Pictures excluded, please retype exactly the lines from the start of the data through the line that contains "Traditional way of", both ends kept, and nothing beyond them.

══ SUPPLIED MATERIAL ══

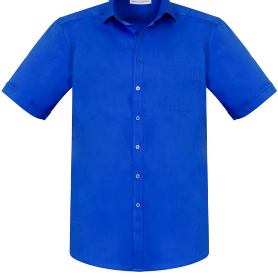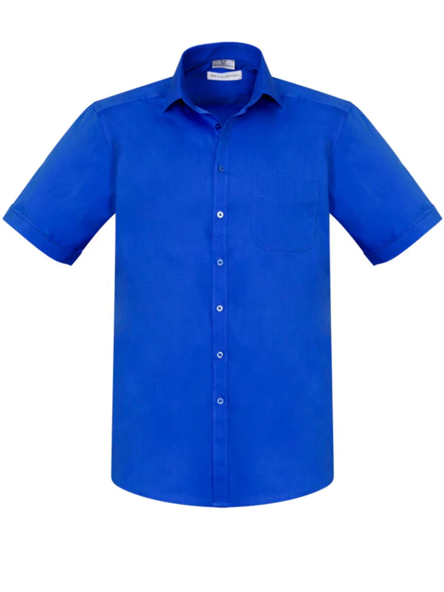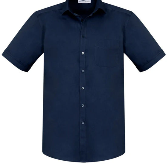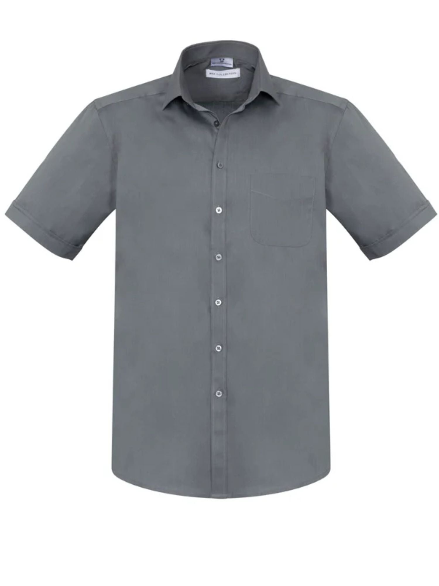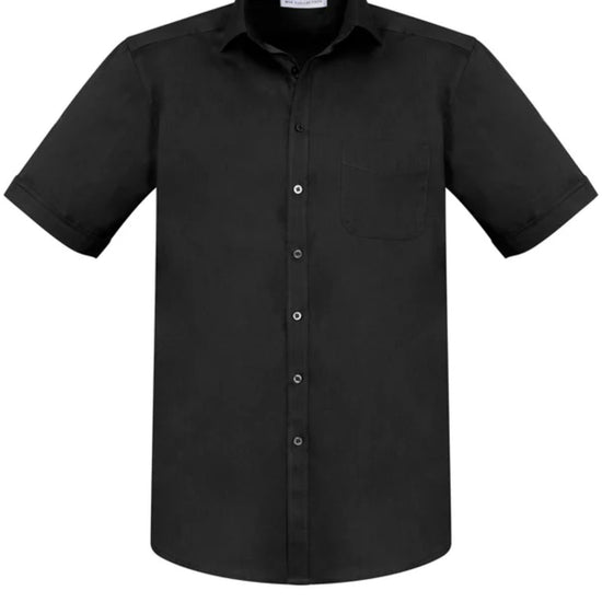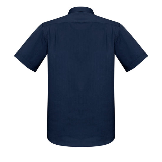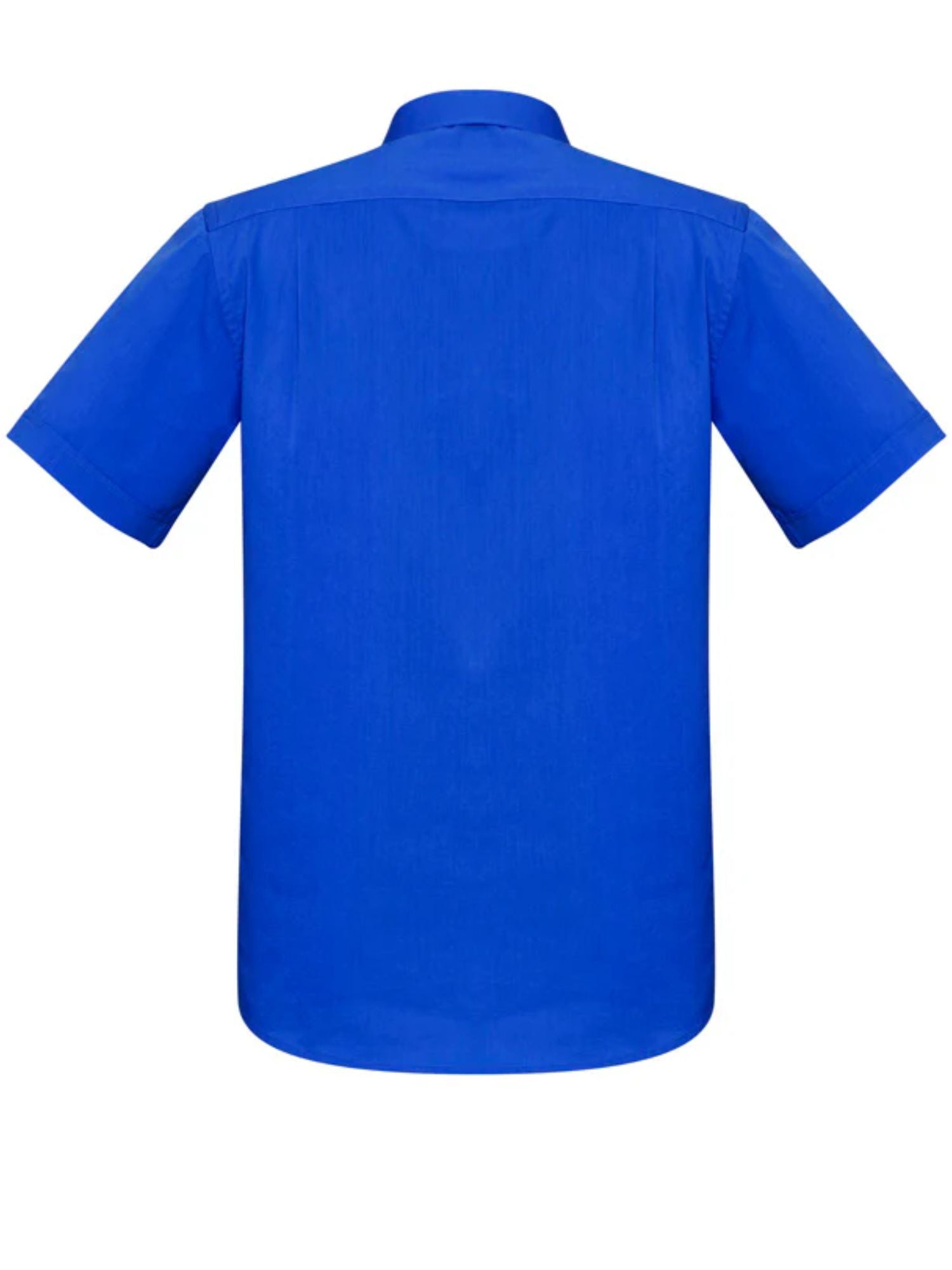 A short sleeve shirt made in cotton rich fabric with stretch. Featuring a chest pocket and twin back pleats. Curved hem can be worn in or out.
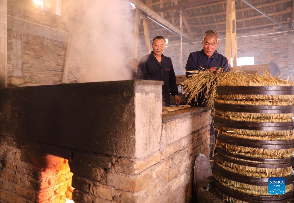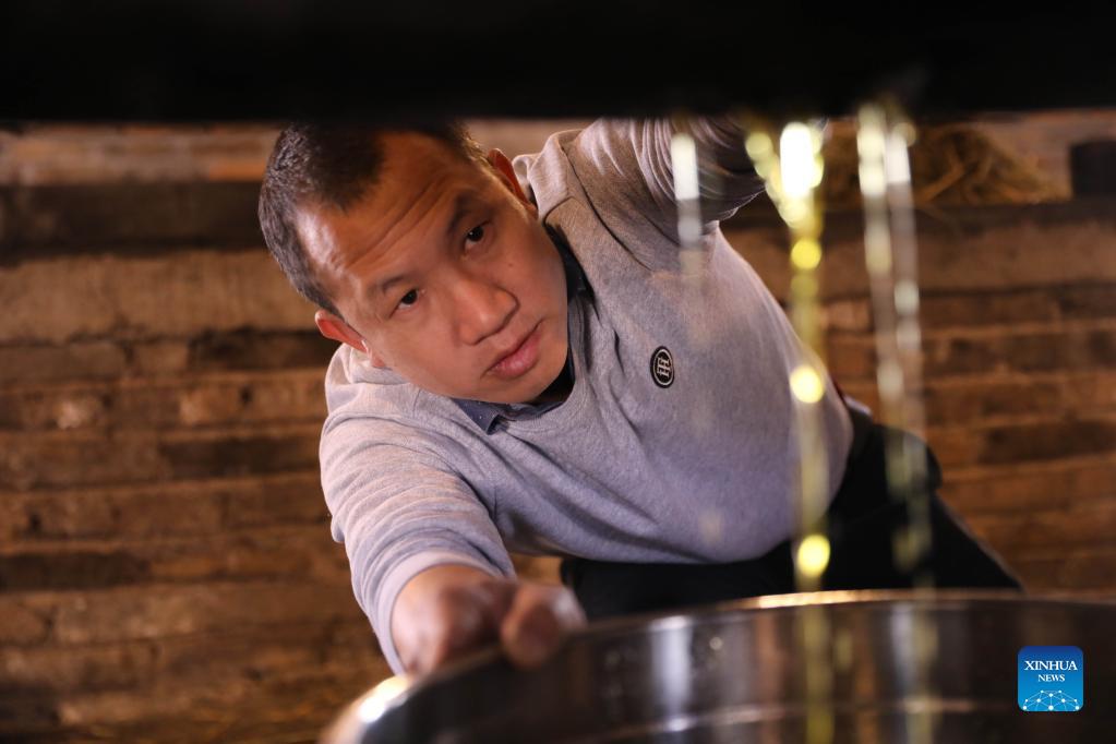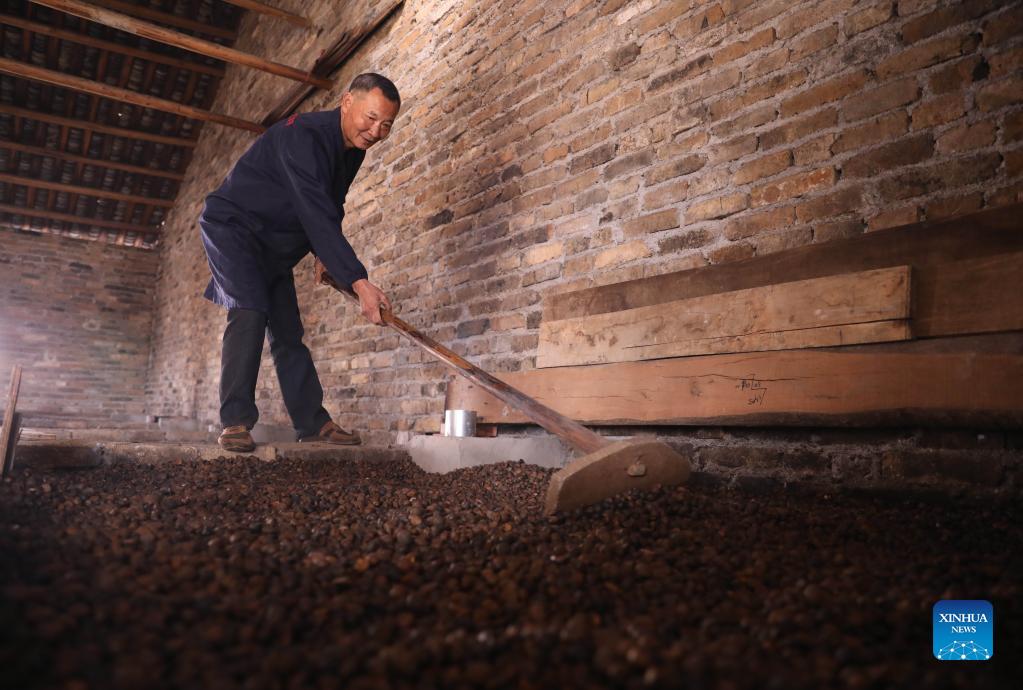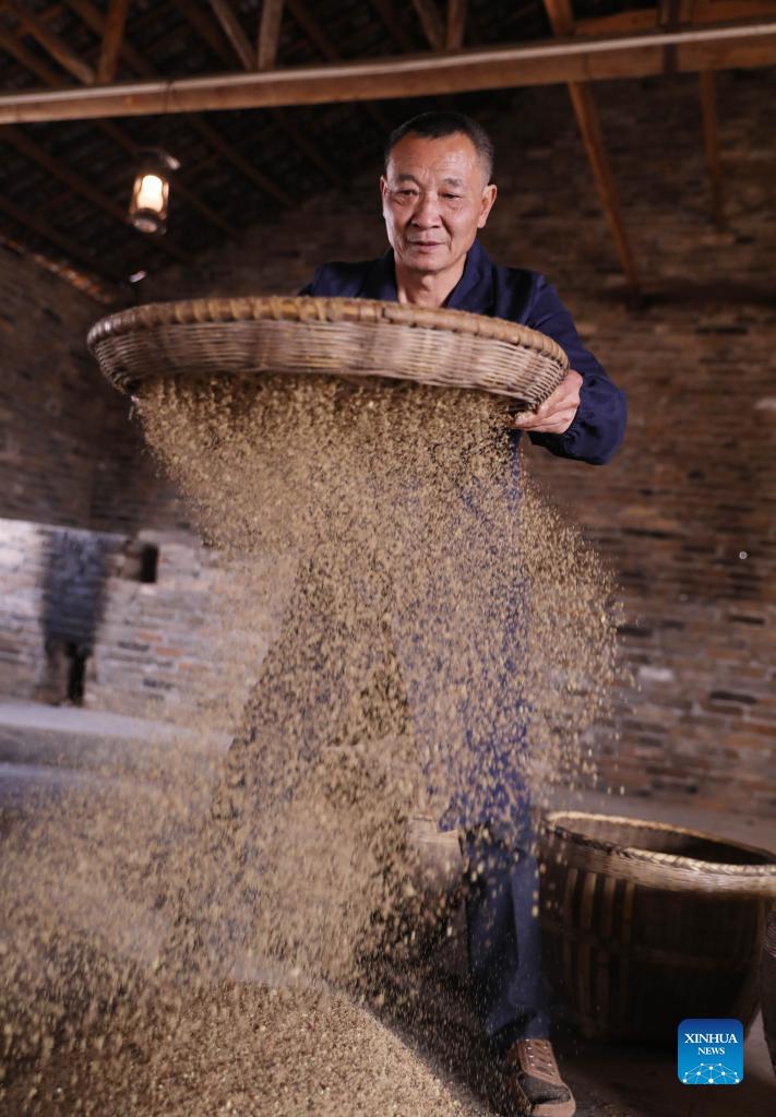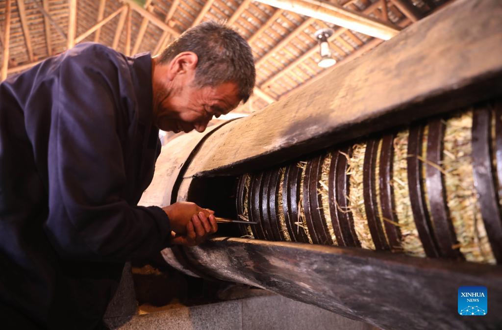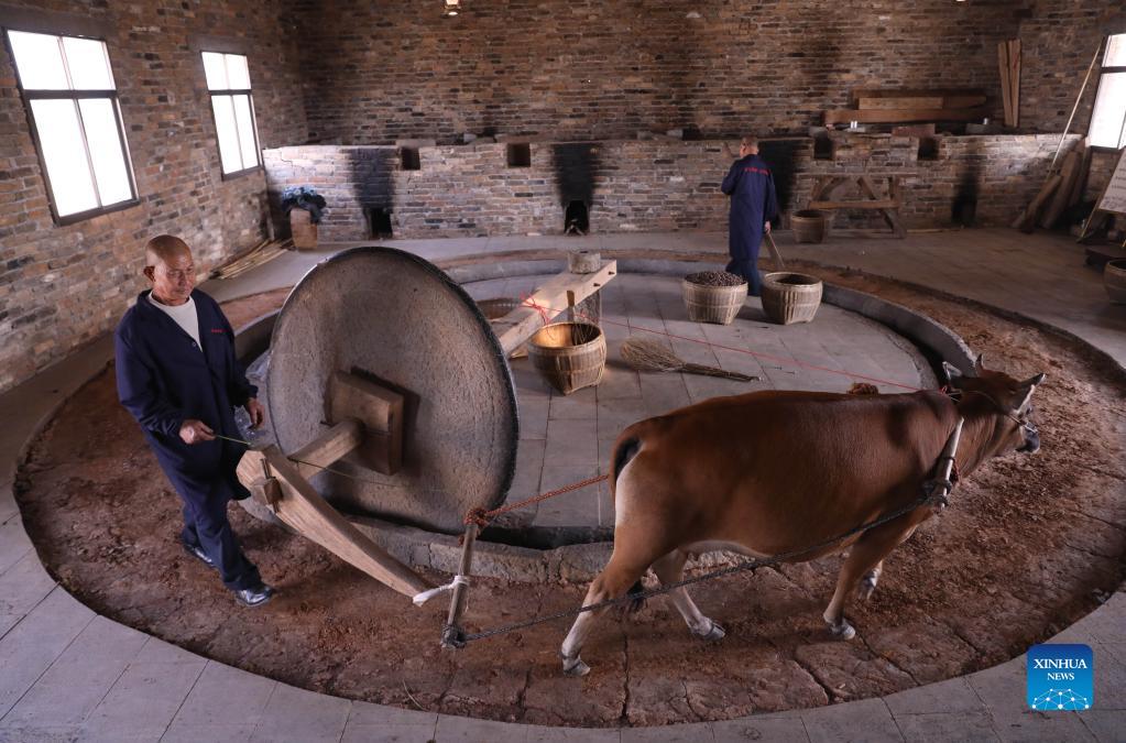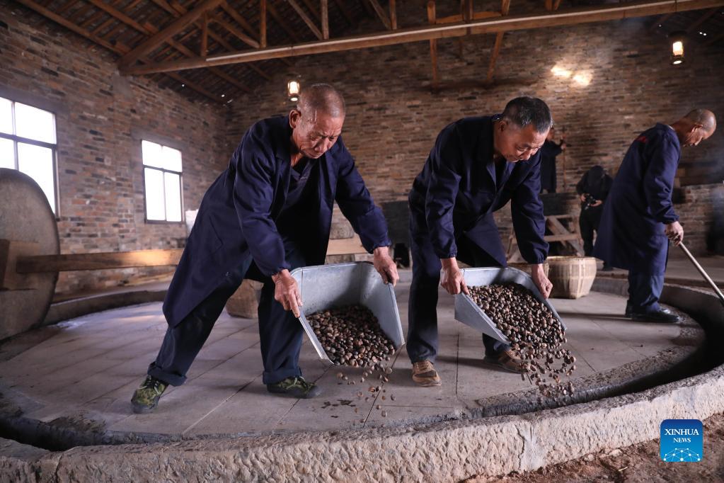 Traditional way of extracting Camellia oil is retained in Shangdu Village of Daoxian County, central China’s Hunan Province. Local villagers dry seeds, grind powder and make tea cakes, using a traditional spring press and precipitation filtration process. Once ready, the golden tea oil is supplied to local markets. (Xinhua/He Hongfu)
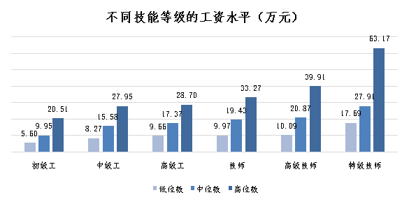 所谓工资价位,是指企业从业人员在报告期内的工资水平,包括基本工资、奖金、津贴和补贴、加班加点工资和特殊情况下支付的工资等。它在一定程度上体现了劳动力市场价格水平。分位值是指将数据由低到高排序,在数列中处于相应百分比位置的数据。它表示有相应比例的数据低于或等于该数值。一般分为低位数(10分位)、下四分位数(25分位)、中位数(50分位)、上四分位数(75分位)和高位数(90分位)。什么职业工资价位更高呢?分职业中类企业从业人员工资价位显示,从高位数来看,排名前三的分别为企事业单位负责人,每年31.2万元;金融服务人员,每年25.75万元;信息传输、软件和信息技术服务人员,每年21.64万元。从中位数来看,排名前三的职业分别是金融服务人员,每年11.88万元;企事业单位负责人,每年9.9万元;信息传输、软件和信息技术服务人员,每年8.72万元。分岗位等级企业从业人员工资价位显示,包括管理类岗位等级、技术类岗位等级、技能类岗位等级三类。管理类岗位等级指在管理岗位工作的人员在本企业岗位序列中的层级位置,包括高层管理岗、中层管理岗、基层管理岗和管理类员工岗。从中位数来看,高层管理岗为11.50万元/年,中层管理岗9.46万元/年,基层管理岗7.8万元/年,管理类员工岗6.18万元/年。技术类岗位等级指获得国家或专业评审机构认可的专业技术职称等级,包括高级职称、中级职称、初级职称。从中位数来看,高级职称为11.48万元/年,中级职称为8.32万元/年,初级职称为6.58万元/年。技能类岗位等级指按国家职业技能标准或行业企业评价规范设置的职业技能等级,包括高级技能及以上、中级技能、初级技能。从中位数来看,高级技能及以上8.04万元/年,中级技能6.8万元/年,初级技能5.49万元/年。可见,岗位、职称、技能越高,工资价位越高。从一些地方公布的工资数据也印证了这一趋势。![]()
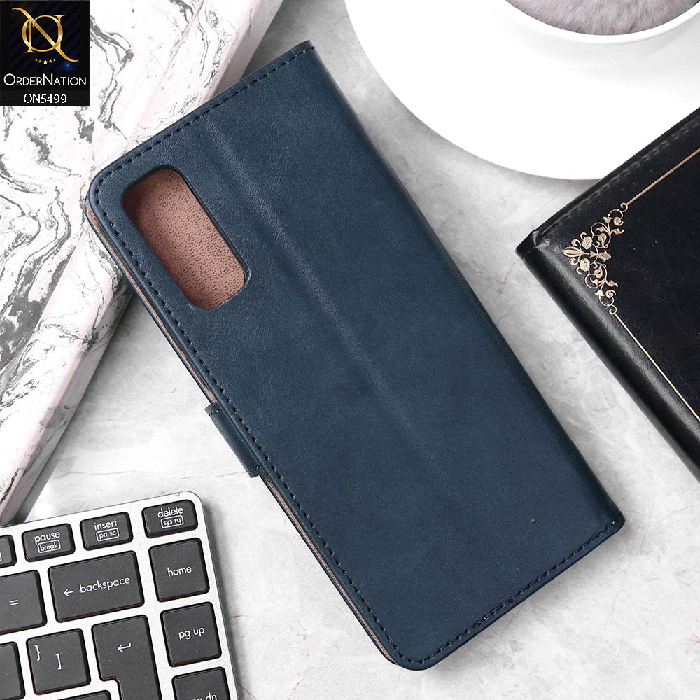 Vivo Y20i Cover - Blue - Premium PU Leather Magnetic Flip Book Card Slots Wallet Soft Case
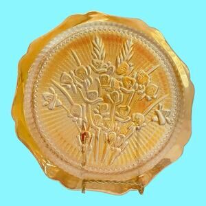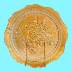 Jeannette 9” Carnival Glass Vintage 1950’s Marigold Iris & Herringbone Plate. Bright color, not faded. My grandmother gave me this plate in the 1970’s, so I know it is old. I am only selling it because I am trying to downsize.
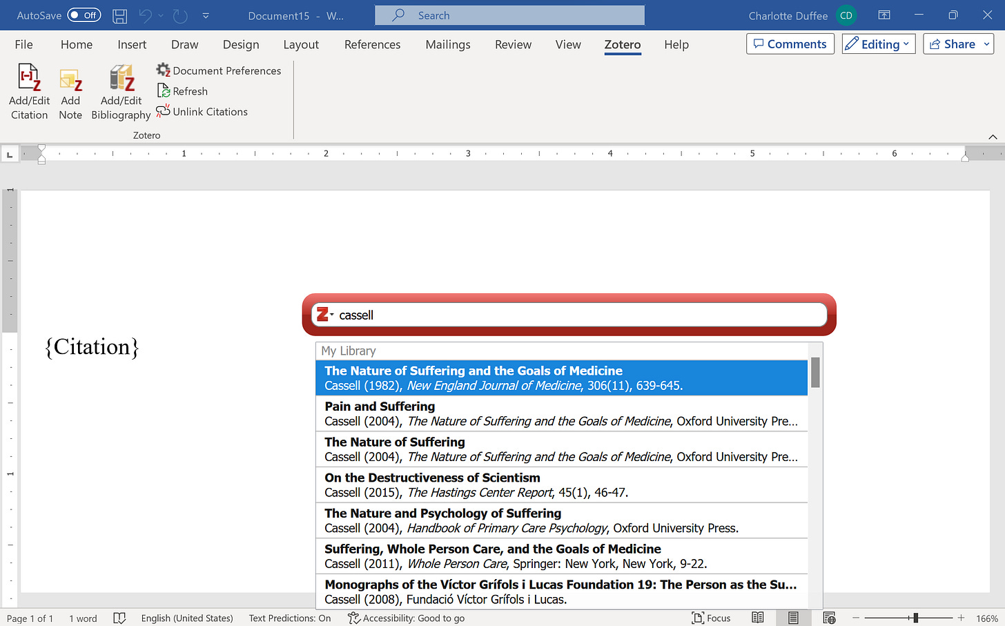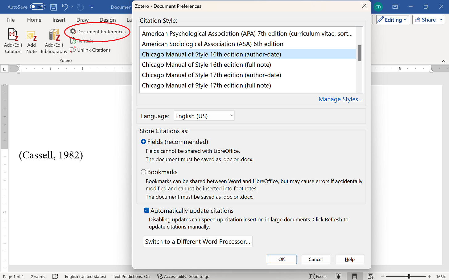 CITING: When you download Zotero, it automatically adds a new button to your Microsoft Word processor, allowing you to search for sources in Zotero and cite them automatically, as in the first image below. It’s easy to change citation styles, too—say, for a rejected manuscript you’re keen on submitting elsewhere. All you have to do is select the ‘Document Preferences’ button in the top left hand corner, per the second picture.
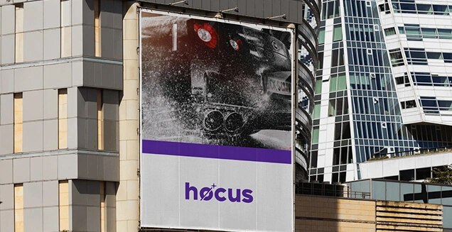Hocus logotipas – tai drąsus ir šiuolaikiškas tipografinis ženklas, atspindintis prekės ženklo siekį perteikti preciziškumą, rūpestingumą ir išskirtinumą. Logotipas turi dvi pagrindines spalvų versijas – violetinę ir oranžinę. Šios spalvos simbolizuoja dvi svarbias Hocus savybes: prabangą (violetinė) ir matomumą (oranžinė). Abi spalvos naudojamos strategiškai – siekiant atskirti skirtingus paslaugų lygius ir lokacijas.
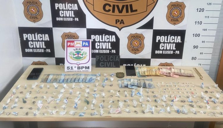 Após reunir essas informações, as equipes policiais dos dois estados realizaram diligências para capturar o suspeito e localizar as drogas em sua posse. O homem foi preso ao sair de sua residência, em Dom Eliseu, e com ele foram encontrados oito papelotes de uma substância semelhante a crack, um aparelho celular e R$ 408,00 em espécie. Na residência do suspeito, foram encontrados mais dois papelotes de substância semelhante a crack, pesando aproximadamente 5.9 gramas.
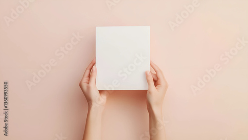 Hands holding vertical blank white card or flyer on soft pastel peach background for mockup or design presentation
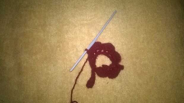 Fila 2: Cadena 3, a su vez, 5 doble crochet en primera

═══

(PROBLEM SOLUTION):
 A short sleeve shirt made in cotton rich fabric with stretch. Featuring a chest pocket and twin back pleats. Curved hem can be worn in or out.
 Traditional way of extracting Camellia oil is retained in Shangdu Village of Daoxian County, central China’s Hunan Province. Local villagers dry seeds, grind powder and make tea cakes, using a traditional spring press and precipitation filtration process. Once ready, the golden tea oil is supplied to local markets. (Xinhua/He Hongfu)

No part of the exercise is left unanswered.